As founder of the B’nai Anousim movement in Calabria and Sicily, I had the joy and honor to bring to the island of Sicily, ancestral home of thousands of secret Jews, the first Passover seder in 500 years since Inquisition times. The seder and the chavurah that resulted from that effort happened nearly 10 years ago. During those years Ner Tamid Palermo grew to support the first public Bar Mitzvah in Sicily when our lay leader read from the Torah scroll to the delight of more than 50 members and friends.
Our liberal pluralistic Jewish community continued to thrive until traditionalists arrived to convince our fragile group that it was now time for them to leave the woman rabbi (insulted by some in two languages as a “shonda” and a “scandolo”) and become “authentic” Jews.

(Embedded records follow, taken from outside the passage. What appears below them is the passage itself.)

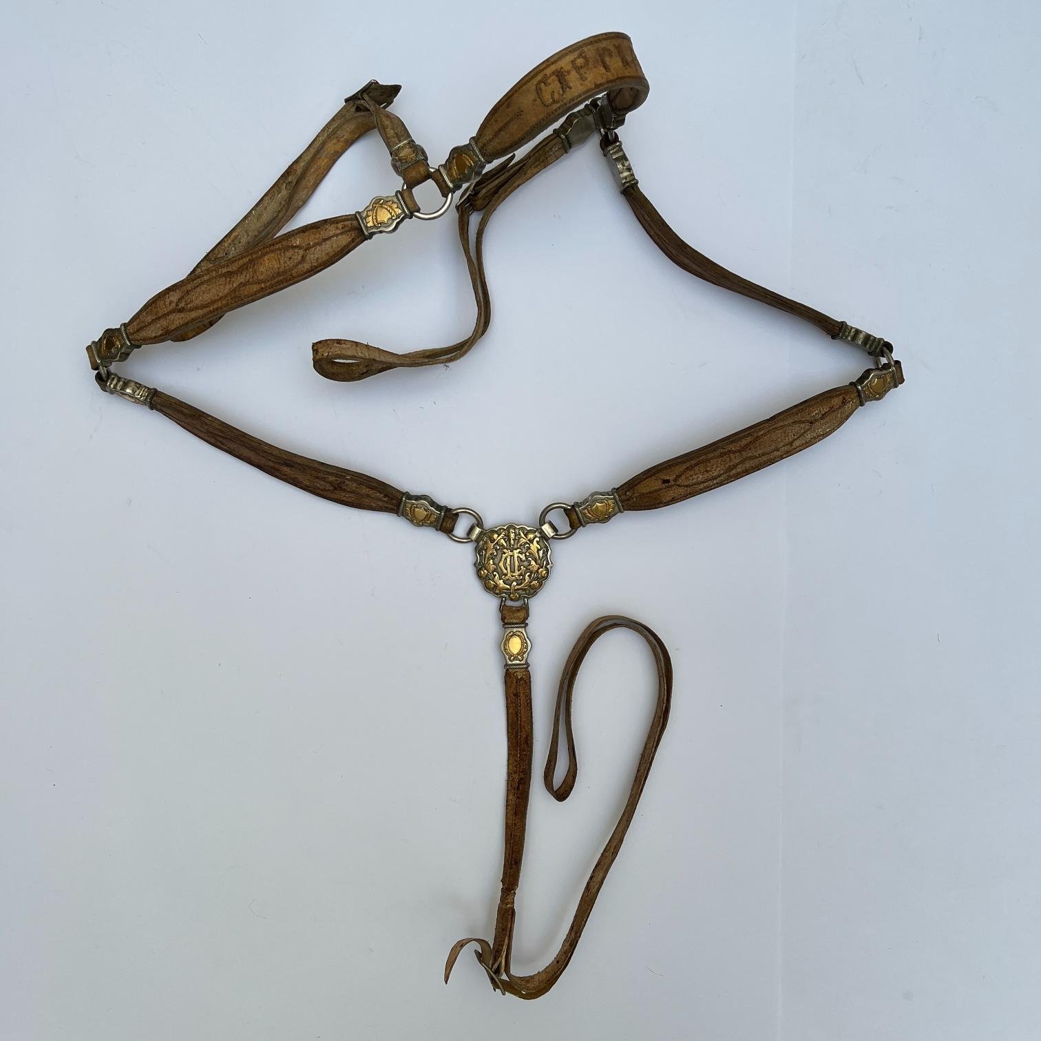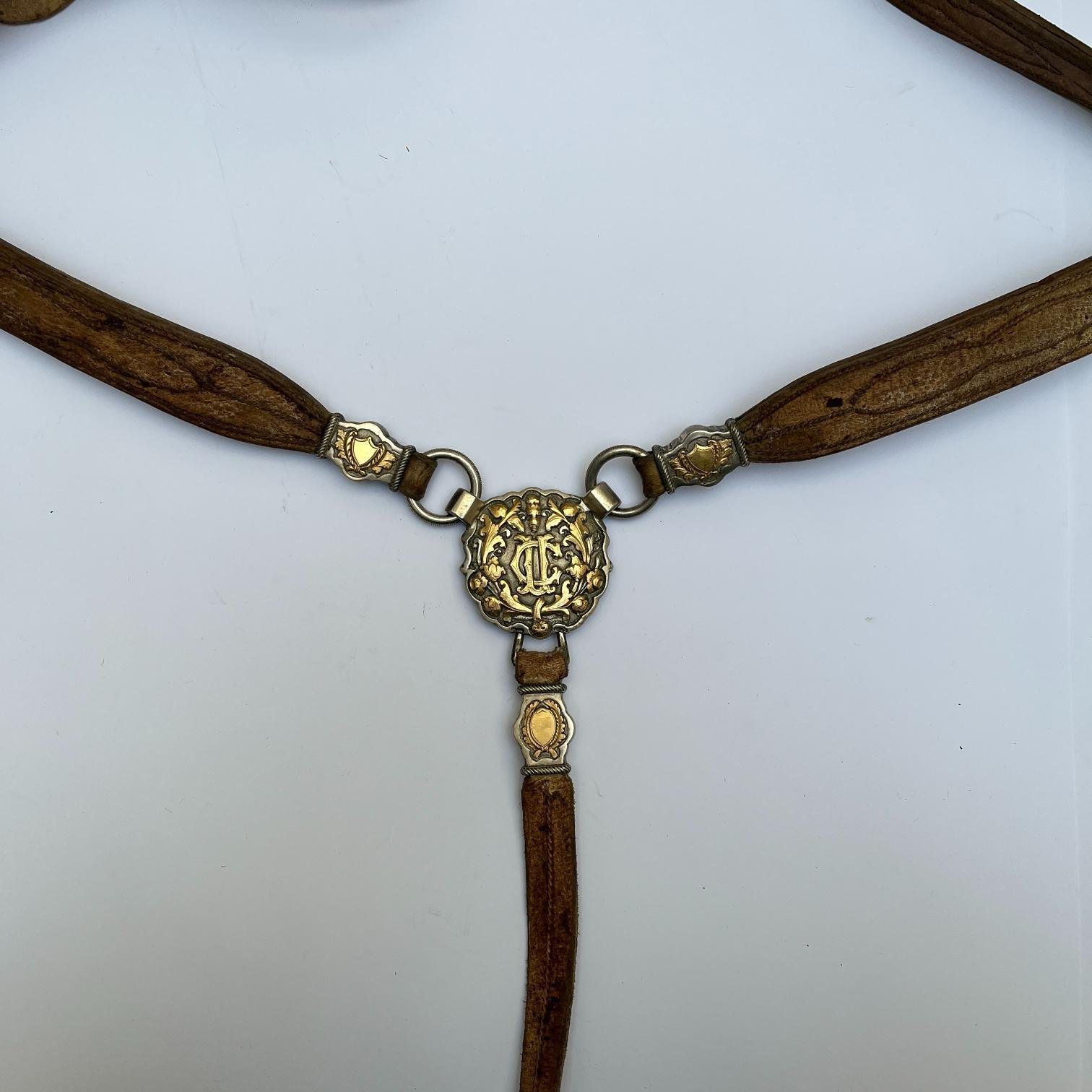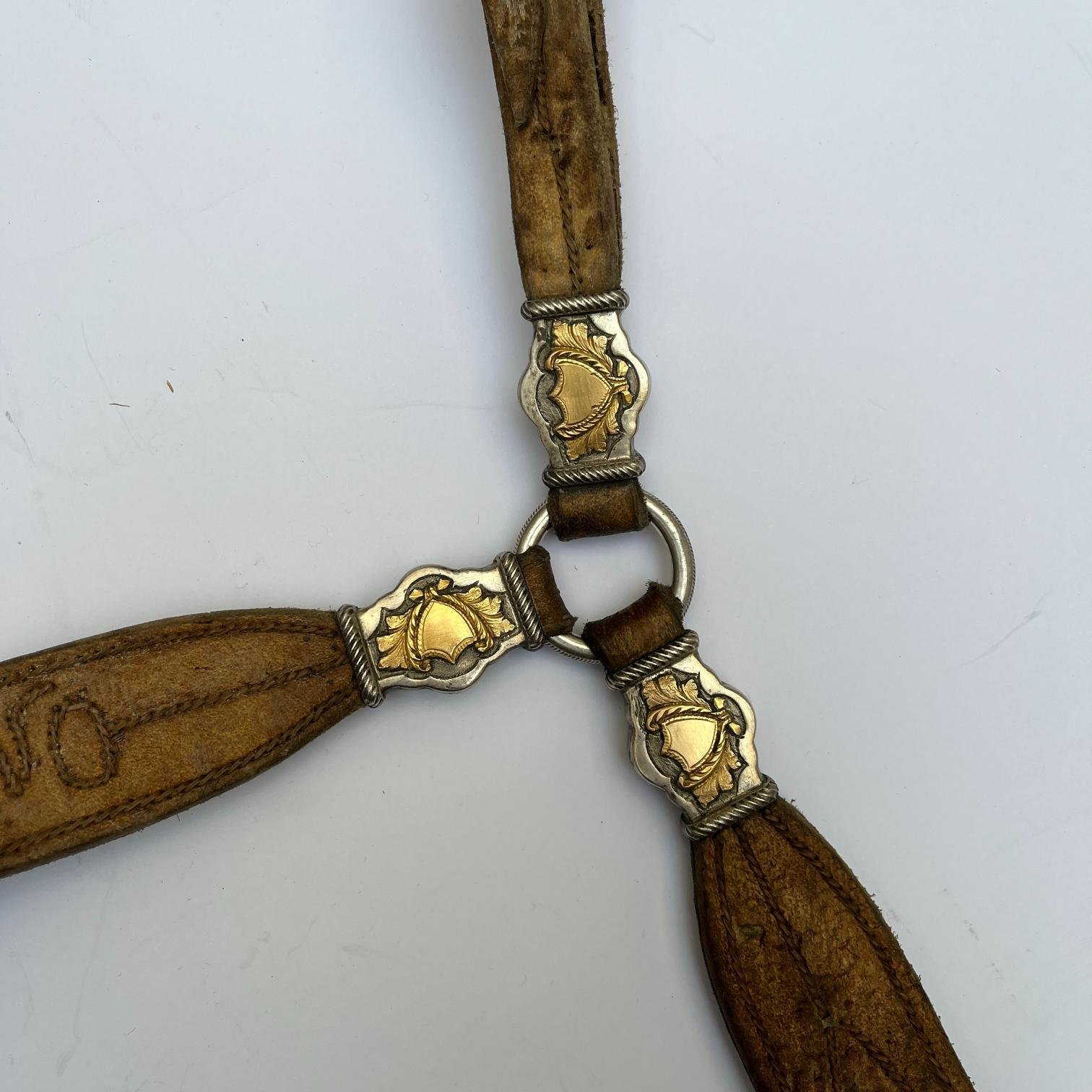 Pechera en cuero crudo decorado con fino cuero trenzado e inscripción «Cipriano». Medallón central en plata y oro cincelado «hojas y flores» con iniciales «C.U.» en oro. Trece pasadores en plata y oro cincelados «cartela» y seis argollas estriadas.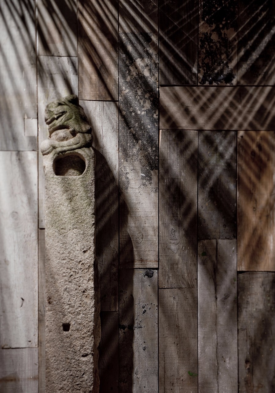 主要材料:黑色荔枝面大理石、木拼條、斧刀石、方管
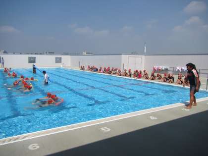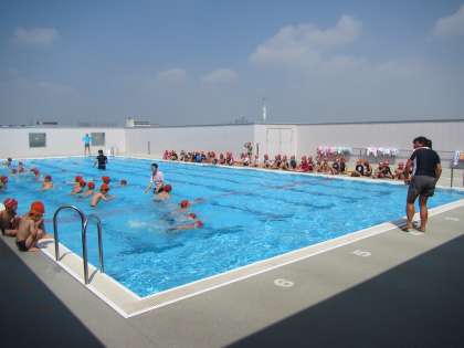 今日も快晴です。プールで水泳をしている子供たちは気持ちが良さそうです。今日は1年生のプールでした。島崎副校長先生が指導しています。いち、にい、さ-んのリズムでけのびをしたり、水の中に顔をつけたりしています。みな楽しそうです。夏にもプールにいっぱいはいってほしいと願っています。〈校長 箭内〉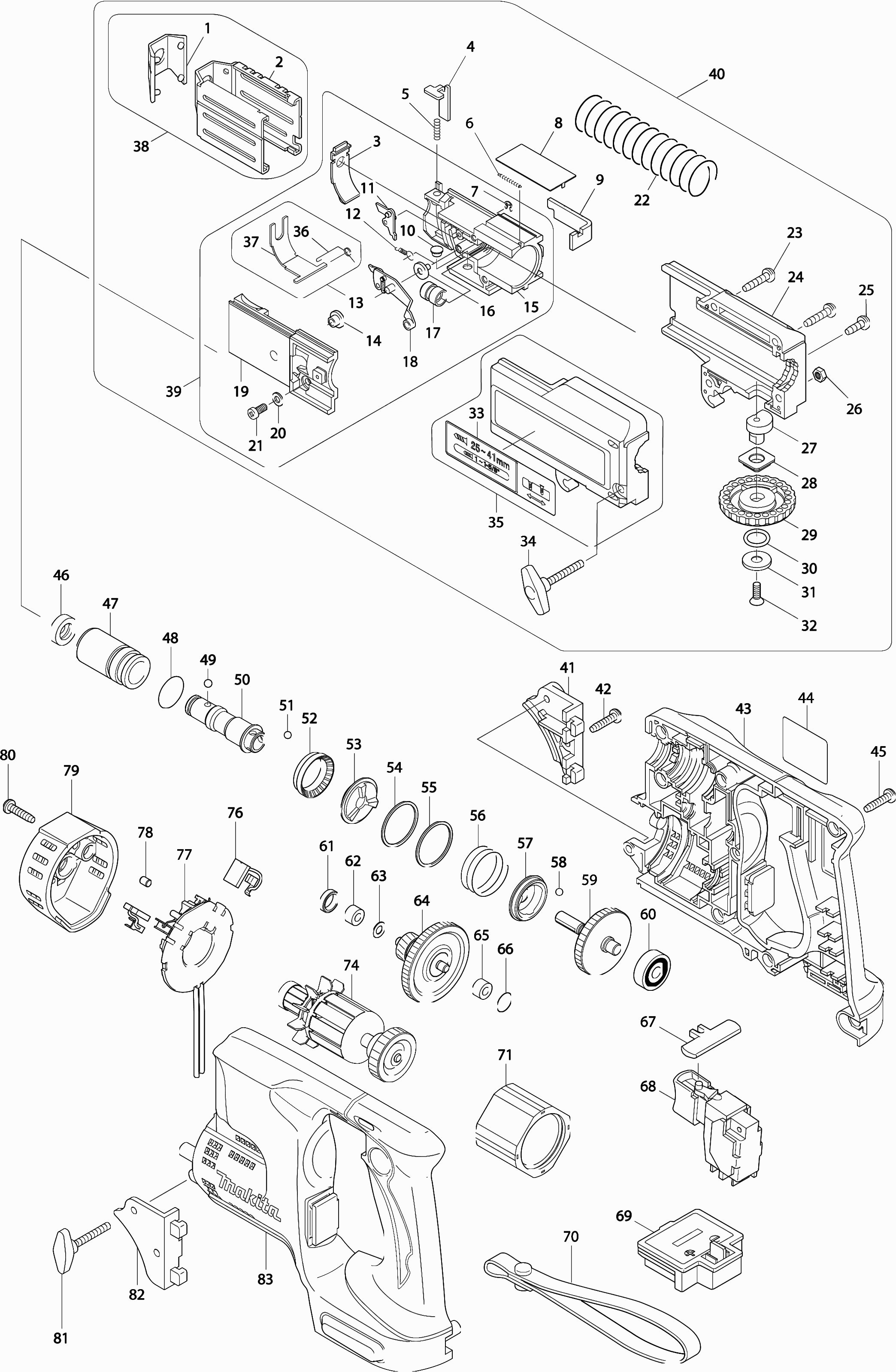 Here you will find all available parts and drawings of the 'Makita BFR440'. From here you can order all desired parts directly. Many parts must be ordered from the manufacturer, depending on the brand, this takes one to four weeks. All the information we have is on our website, we cannot advise you on what you need, for that you will need to return the machine for repair. Please note the following when ordering:

Some succumbed to the pressure (If you can’t beat ‘em, join ‘em) and now I, like Akiva will begin again.
These days it is not necessary for us to understand that an “omer” is an ancient unit of measure related to a barely stalk. But what we must not fail to understand is what the custom implies. In these days when denominational differences spark vitriolic comments, anger and resentment among Jews of varied backgrounds and persuasions, the little festival of Lag B’Omer is a spiritual alarm clock, our divine wake-up call.
As another rabbi once said, “On Lag B’Omer God saved the Jewish people to remind us that there is only one thing worse than the oppression of Jews by others. It is the oppression that one Jew does to another through gossip, slander and disrespect.” Lag B’Omer exists to remind us of the importance of treating all of our Jewish brothers and sisters with love and tolerance, appreciation and, kavod.
NOTE: Rabbi Aiello visits Ner Tamid Palermo for a Havdalah service featuring B’nai Anousim traditions and a Torah study on May18 and 19, 2013)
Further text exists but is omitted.